The use of concept maps was shown to enhance academic performance by enabling students to synthesize and retain complex information, thus promoting meaningful learning. And it appears to foster the development of critical thinking abilities, providing a way for faculty to measure students' ability to apply critical thinking skills to client situations. Gaines (26), who incorporated the use of concept mapping into lectures, concluded that their use may have helped decrease attrition by enhancing students' understanding of basic pharmacology. Students also used concept mapping to assist with preparation for class and clinical activities, linking theory with clinical practice, and clarifying key concepts.

While it appears from these studies that concept mapping is an effective teaching-learning method, the existing research on concept mapping is too limited for drawing generalizations. There is a lack of between-group studies and pretest to posttest research on knowledge acquisition. Sample sizes are small, there is a lack of instrument reliability and validity, and a lack of control for extraneous variables. Only two of the seven studies used a control group, and most lacked randomization. Therefore, the results reported here should be used with caution.

Recommendations for Further Research Further research regarding the use of concept mapping in nursing education is needed to address the best times to introduce concept maps, identify methods for assessment and evaluation, and understand how concept maps facilitate student learning and critical thinking abilities. Studies also need to focus on the integration of theory with clinical practice, the effects of using concept maps on NCLEX exam results, and the role of concept maps on knowledge development in practice among experienced nurses. It is important to note that studies need to be conducted on larger, heterogeneous samples in order to determine measurement reliability and validity.

Implications for Nursing Education Despite the limitations in these studies, it seems apparent that concept mapping has the potential to be an effective teaching strategy in nursing education. Wheeler and Collins state, "Concept mapping works. It works from the perspective of the educator trying to develop and measure critical thinking skills, and it works from the perspective of the student trying to master a very complex field" (29, p. 345). However, the challenge to nurse educators occurs when trying to measure outcomes objectively across time and students.

Daley and colleagues (28) recommended introducing concept mapping techniques to beginning level nursing students. If concept maps are to be used for evaluation criteria, students should be given feedback on their maps prior to this use (30). Faculty may choose to introduce concept maps through lectures, providing examples, and providing instruction.

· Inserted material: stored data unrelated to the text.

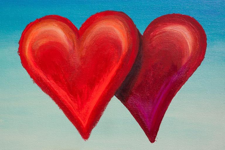 Keywords: heart love luck painted wedding romance gift red orange pink purple colorful turquoise light green complementary romantic valentine decoration warm fund structure background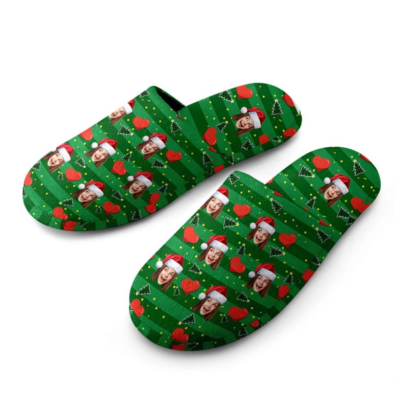Custom Face Damen- Und Herrenhausschuhe Personalisiertes Weihnachtsherz Indoor Outdoor Schlafzimmer Baumwollhausschuhe
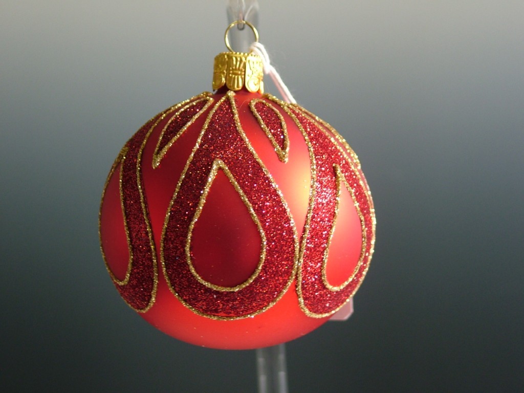 Skleněná vánoční ozdoba ve tvaru koule, hladká, červená, mat, plast. dekor, více velikostí. Foto ilustrační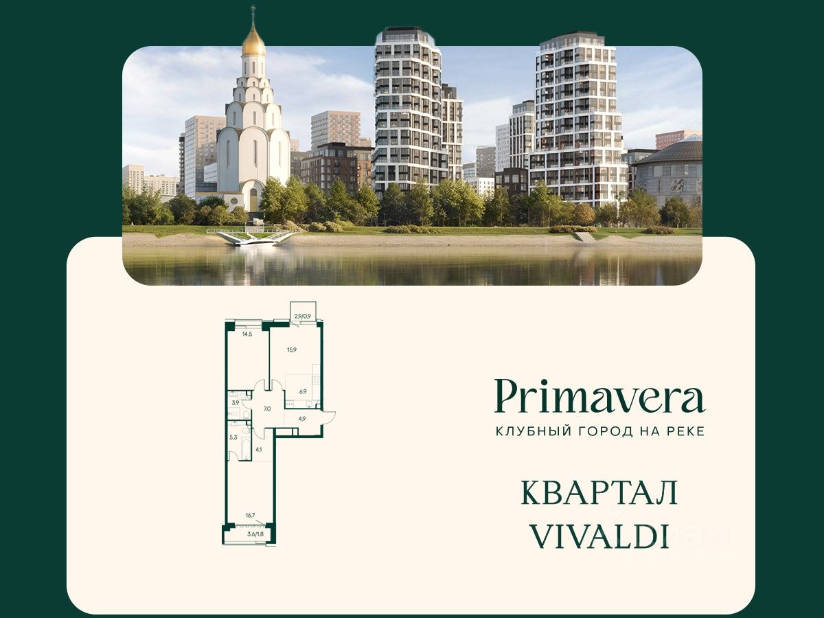 Клубный город на реке "Примавера" — это современный жилой комплекс премиум-класса, расположенный на первой береговой линии Москвы-реки в экологически чистом районе Покровское-Стрешнево. Под панорамными окнами квартир находится собственный экопарк с продуманной сетью прогулочных дорожек и современными детскими и спортивными площадками. За парком расположена набережная с собственным пляжем и зонами для отдыха. Клубный город на реке "Примавера" предлагает широкий выбор планировок для различных жизненных сценариев: от просторных однокомнатных квартир до пентхаусов и жилых помещений с террасами и патио. Выберите из 120 вариантов эргономичных планировок стандартного и евроформата. Из каждой квартиры открываются красивые виды на реку с углом обзора в 270 градусов. Дизайнерские лобби предлагают панорамный обзор на благоустроенный двор. Высокие потолки в 6 метров и качественная отделка создают атмосферу, схожую с пятизвездочными отелями. В "Примавера" есть всё необходимое для комфортной жизни в мегаполисе: • Образование для детей в шаговой доступности: 4 школы, 8 детских садов и развивающие центры с кружками и секциями. • Удобства на расстоянии приятной прогулки: супермаркеты, кафе, рестораны с верандами, салоны красоты, аптеки и многофункциональный центр для шоппинга и развлечений. • Умный дом: автоматизированное бесконтактное управление основными системами доступа и безопасности через мобильное приложение. Клубный город на реке "Примавера" выгодно сочетает комфорт городской жизни с близостью к природе. Живите в месте, где все создано для вашего удобства!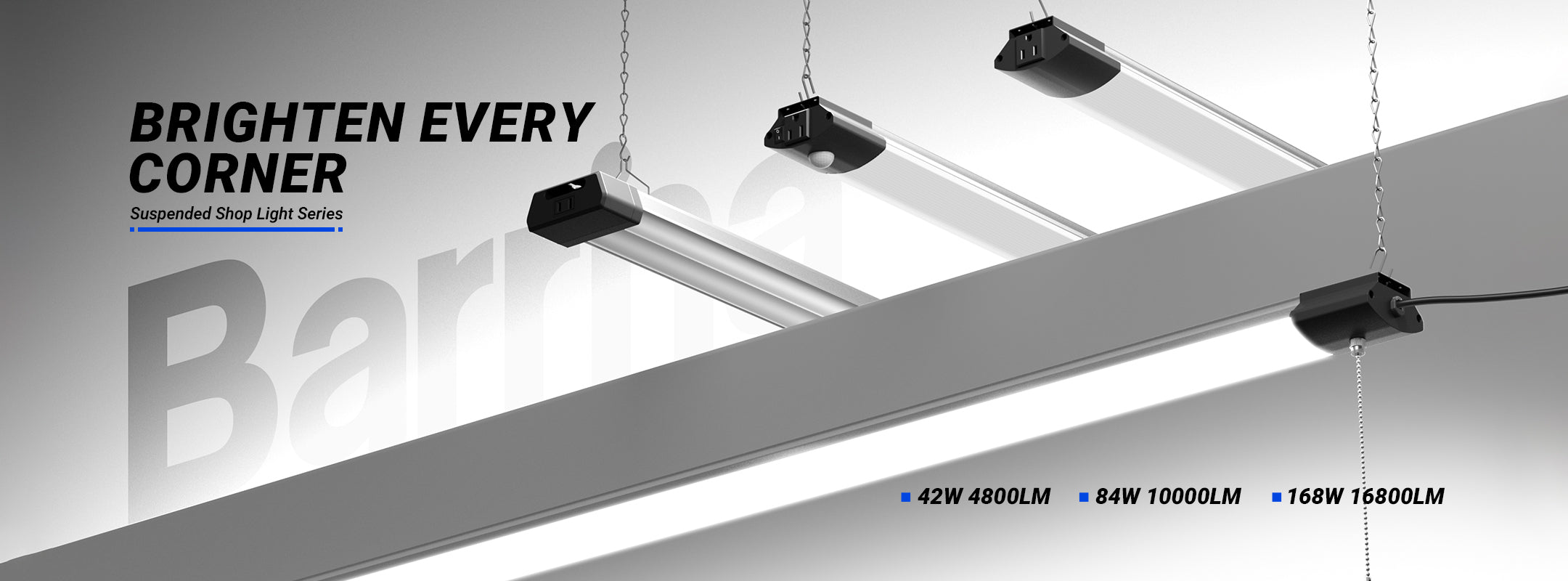 Barrina 168W LED Shop Lights 8FT 5000K 16800LM | Hanging, Linkable & Power Plug Cords | BS168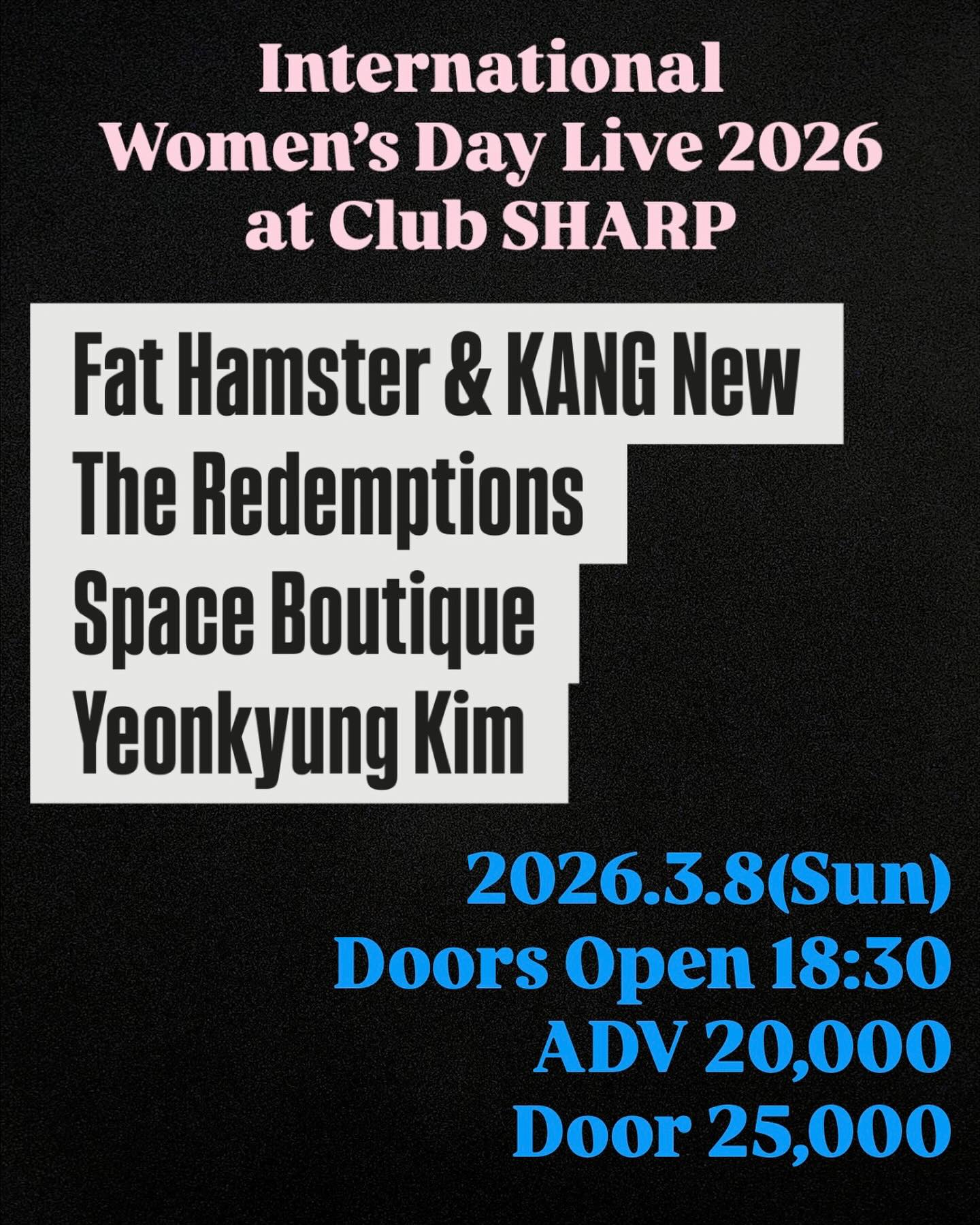 3월 8일 여성의 날을 기념하여 여성의 권리를 지지하는 뮤지션들과 관객들이 함께하는 공연입니다.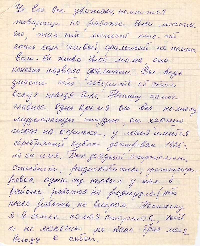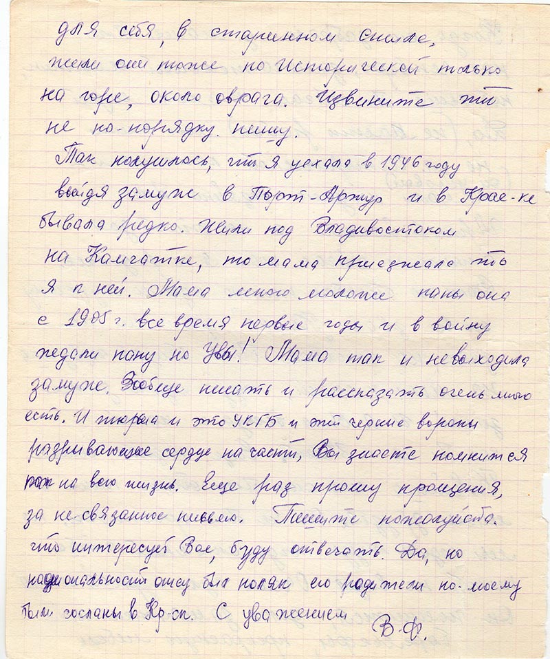 Так получилось, что я уехала в 1946 году выйдя замуж в Порт-Артур и в Крас-ке бывала редко. Жили под Владивостоком на Камчатке, то мама приезжала то я к ней. Мама много моложе папы она 1905 г. все время первые годы и в войну ждали папу но Увы! Мама так и невыходила замуж. Вообще писать и рассказать очень много есть. И тюрьма и это УКГБ и эти черные вронки разрывающие сердце на части, Вы знаете помнится как на всю жизнь. Еще раз прошу прощения, за несвязанное письмо. Пишите пожалуйста. Что интересует Вас, буду отвечать. Да, по национальности отец был поляк его родители по-моему были сосланы в Кр-ск. С уважением

Grading of concept maps can be based on Novak and Gowin's criteria (3). Alternately, the level of student achievement can be evaluated based on the inclusion of the steps in the nursing process and by the number of concepts, relationships identified, quality of relationships presented, and the degree of hierarchies established (7).

References

(1.) Black, P., Green, N., Chapin, B. A., & Owens, C. (2000). Concept mapping: An alternative teaching strategy. Pelican News, 56(4).

(2.) Ausbel, D., Novak, J., & Hanesian, H. (1978). Educational psychology: A cognitive view (2nd ed.). New York: Werbel and Peck.

(3.) Novak, J. D., & Gowin, D. B. (1984). Learning how to learn. New York: Cambridge University Press.

(4.) All, A. C., & Havens, R. L. (1997). Cognitive/concept mapping: A teaching strategy for nursing. Journal of Advanced Nursing, 25, 1210-1219.

(5.) Koehler, C. J. (2001). Nursing process mapping replaces nursing care plans. In A. J. Lowenstein & M. J. Bradshaw (Eds.), Fuszard's innovative teaching strategies in nursing (3rd ed., pp. 303-313). Gaithersburg, MD: Aspen.

(6.) All, A. C., Huycke, L. I., & Fisher, M. J. (2003). Instructional tools for nursing education: Concept maps. Nursing Education Perspectives, 24(6), 311-317.

(7.) Baugh, N. G., & Mellott, K. G. (1998). Clinical concept mapping as preparation for student nurses' clinical experiences. Journal of Nursing Education, 37(6), 253-256.

(8.) Gaines, C. (1999). Clearing up the "concept fog." ABNF Journal, 10(2), 52-53.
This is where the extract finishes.